首要在SystemServer中创立并启动这个线程,你也能够说启动这个服务

private void startBootstrapServices() {
    ......
    final Watchdog watchdog = Watchdog.getInstance();
    watchdog.start();
    ......
    watchdog.init(mSystemContext, mActivityManagerService);
    ......
}

单例,咱们看看结构办法

private Watchdog() {
    super("watchdog");
    mMonitorChecker = new HandlerChecker(FgThread.getHandler(),
            "foreground thread", DEFAULT_TIMEOUT);
    mHandlerCheckers.add(mMonitorChecker);
    // Add checker for main thread.  We only do a quick check since there
    // can be UI running on the thread.
    mHandlerCheckers.add(new HandlerChecker(new Handler(Looper.getMainLooper()),
            "main thread", DEFAULT_TIMEOUT));
    // Add checker for shared UI thread.
    mHandlerCheckers.add(new HandlerChecker(UiThread.getHandler(),
            "ui thread", DEFAULT_TIMEOUT));
    // And also check IO thread.
    mHandlerCheckers.add(new HandlerChecker(IoThread.getHandler(),
            "i/o thread", DEFAULT_TIMEOUT));
    // And the display thread.
    mHandlerCheckers.add(new HandlerChecker(DisplayThread.getHandler(),
            "display thread", DEFAULT_TIMEOUT));
    // And the animation thread.
    mHandlerCheckers.add(new HandlerChecker(AnimationThread.getHandler(),
            "animation thread", DEFAULT_TIMEOUT));
    // And the surface animation thread.
    mHandlerCheckers.add(new HandlerChecker(SurfaceAnimationThread.getHandler(),
            "surface animation thread", DEFAULT_TIMEOUT));
    // 看主流程的话,Binder threads能够先不必管
    // Initialize monitor for Binder threads.
    addMonitor(new BinderThreadMonitor());
    mOpenFdMonitor = OpenFdMonitor.create();
    // See the notes on DEFAULT_TIMEOUT.
    assert DB ||
            DEFAULT_TIMEOUT > ZygoteConnectionConstants.WRAPPED_PID_TIMEOUT_MILLIS;
}

看主流程的话,Binder threads能够先不必管,精讲。能够显着的看到这儿便是把一些重要的线程的handler去创立HandlerChecker目标放到数组mHandlerCheckers中。简略了解成创立一个目标去集合这些线程的信息,并且Watchdog有个线程信息目标数组。
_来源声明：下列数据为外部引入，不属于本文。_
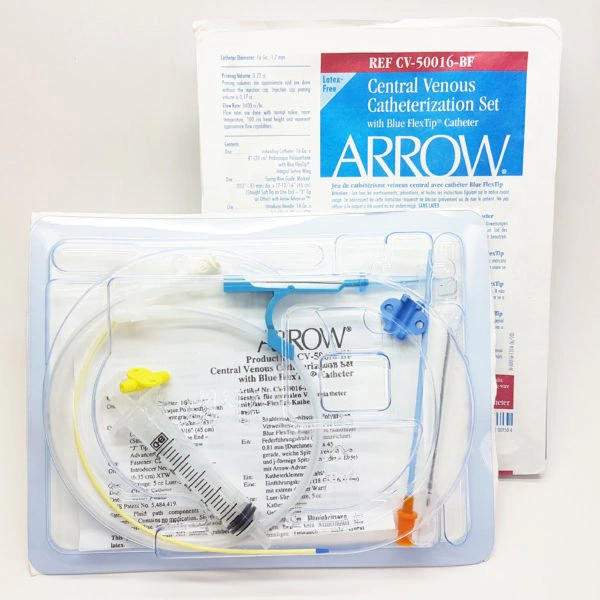 via central 1 lumen selding 14 g 20 cm s jer c pt blue arrow

public final class HandlerChecker implements Runnable {
    private final Handler mHandler;
    private final String mName;
    private final long mWaitMax;
    private final ArrayList<Monitor> mMonitors = new ArrayList<Monitor>();
    private final ArrayList<Monitor> mMonitorQueue = new ArrayList<Monitor>();
    private boolean mCompleted;
    private Monitor mCurrentMonitor;
    private long mStartTime;
    private int mPauseCount;
    HandlerChecker(Handler handler, String name, long waitMaxMillis) {
        mHandler = handler;
        mName = name;
        mWaitMax = waitMaxMillis;
        mCompleted = true;
    }
    ......
}

然后咱们先看init办法

public void init(Context context, ActivityManagerService activity) {
    mActivity = activity;
    context.registerReceiver(new RebootRequestReceiver(),
            new IntentFilter(Intent.ACTION_REBOOT),
            android.Manifest.permission.REBOOT, null);
}
final class RebootRequestReceiver extends BroadcastReceiver {
    @Override
    public void onReceive(Context c, Intent intent) {
        if (intent.getIntExtra("nowait", 0) != 0) {
            rebootSystem("Received ACTION_REBOOT broadcast");
            return;
        }
        Slog.w(TAG, "Unsupported ACTION_REBOOT broadcast: " + intent);
    }
}
void rebootSystem(String reason) {
    Slog.i(TAG, "Rebooting system because: " + reason);
    IPowerManager pms = (IPowerManager)ServiceManager.getService(Context.POWER_SERVICE);
    try {
        pms.reboot(false, reason, false);
    } catch (RemoteException ex) {
    }
}

显着能看出是重启的操作,注册播送,接收到这个播送之后重启。这个不是主流程,简略看看就行。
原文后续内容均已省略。